典韦摇摇头:“韦当真没有,再言,看看此次魏郡之战,怕是韦力阻也拦不住。且面对西凉铁骑,终究还是长公子更为合适。”
“将军之言宫亦认可,论及对西凉铁骑之威压,没有人能胜主公父子了,将军没有顾忌,宫便更无,长公子亲自出马……”
陈宫的话没有说完,典韦已经会意,身躯微微前倾道:“信儿与孟起联手,必定声势大作,加上子平将军……”
“公明这一次可是大有排面了,飞熊军当可建立奇功。”
“将军所言极是,望公明将军不负重托,可完成军师奇技。”陈宫赞同的点点头,回过身来,眼光看向堂外的远方。
黑夜之中,马蹄声隆隆,健硕的骑士,高大的战马,组成一道洪流,正驰骋在大道之上。整个队列,拉出有十余里长。
为首之将头戴兽王盔,身披银叶甲,面容冷峻,格外的丰神俊朗。
长枪绰与手中,枪尖透出凛冽的寒光,天狼奔雷无坚不摧。
身旁白袍战将,随行之中,不住打量着主将,目带欣赏。
“人言西凉锦马超,果然不假,的确帅!希望马少将军能和长公子赵将军一样,又帅又能打。”赵小芳心中转着念头。
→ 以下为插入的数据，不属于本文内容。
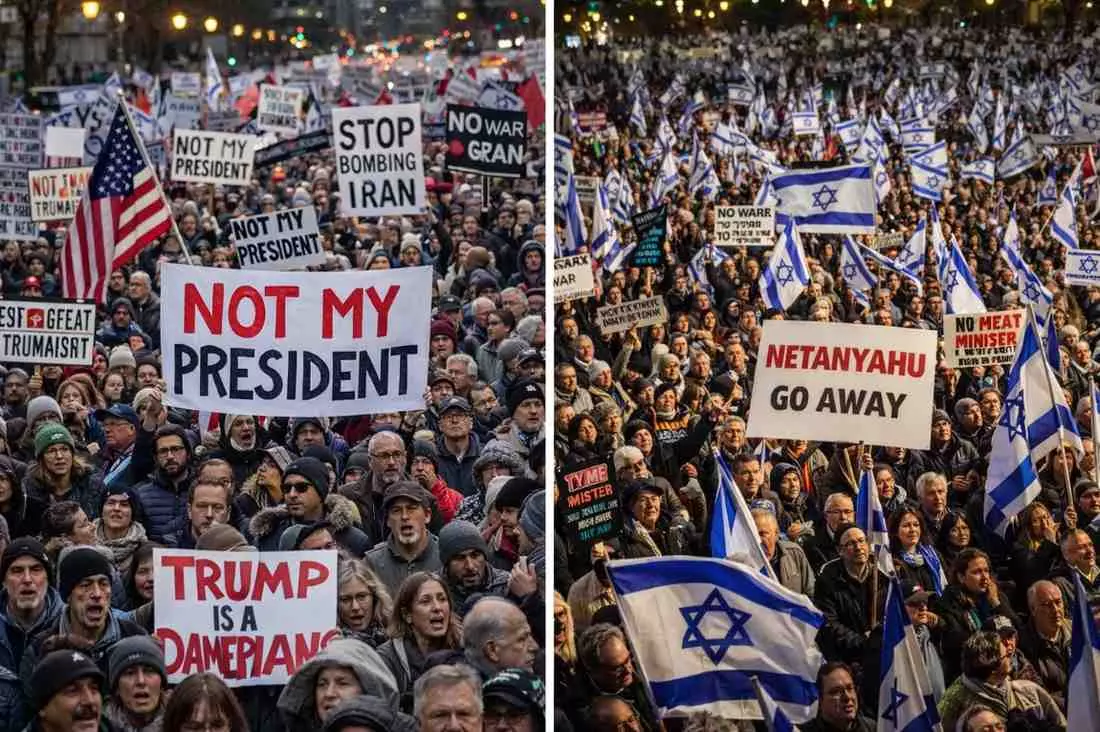 ఇంట గెలిచి రచ్చగెలవాలని పెద్దలు పదేపదే చెబుతుంటారు. అయితే ఈ నానుడి అమెరికా అధ్యక్షుడు డొనాల్డ్ ట్రంప్, ఇజ్రాయెల్ అధినేత నెతన్యాహూలకు వర్తించేట్లు లేదు. ఎందుకంటే వీళ్ళిద్దరు రచ్చగెలవటం సంగతి దేవుడెరుగు ఇంటకూడా వీళ్ళపై తీవ్రస్ధాయిలో వ్యతిరేకత పెరిగిపోతోంది. ఇపుడు విషయం ఏమిటంటే ఇరాన్ పైన అమెరికా, ఇజ్రాయెల్ ఏకపక్షంగా యుద్ధం మొదలుపెట్టి 30 రోజులైంది. ఈ 30 రోజుల్లో అమెరికా అధ్యక్షుడు ట్రంప్, ఇజ్రాయెల్ అధినేత నెతన్యాహూ సాధించింది ఏమిటంటే ఏమీలేదనే చెప్పాలి. యుద్ధంలో ఏమీ సాధించలేకపోగా తమ దేశాల్లో వ్యతిరేకతను మూటగట్టుకుంటున్నారు. అమెరికాలో ట్రంప్కు వ్యతిరేకంగా 50రాష్ట్రాల్లోని 3500 ప్లేసుల్లో సుమారు 90లక్షలమంది భారీనిరసన వ్యక్తంచేశారు. అలాగే ఇజ్రాయెల్లో నెతన్యాహూ వైఖరికి నిరసనగా నిరసనలు మొదలయ్యాయి.

为首之将,正是定边军凉州骑副统领,平西将军,马超马孟起!此番得典韦陈宫将令,率领铁骑两万,直指西都侧翼。
当时叶信奉调而走,天子下旨,加为平西将军,又追封马腾,对马家极尽安慰之意。马超心中,对叶欢是极为感激的。
同时,亦稍有失落,叶信走,凉州骑交给自己,是信任。可信弟此去,必有大战,自己却要坐镇凉州,难道叔父心中?
也不能怪马超,深经巨变,总是有点敏感的。
好在典韦的军令来的快,马超闻之欣然,此刻让他作为主将单独领军,足见叶欢与典韦对他的信任,当要建功与战场。
有的时候,敏感也未必是坏事,比如赵小芳一边不停打量着自己,马超早就感觉到了,走了一程之后,他放缓了马速。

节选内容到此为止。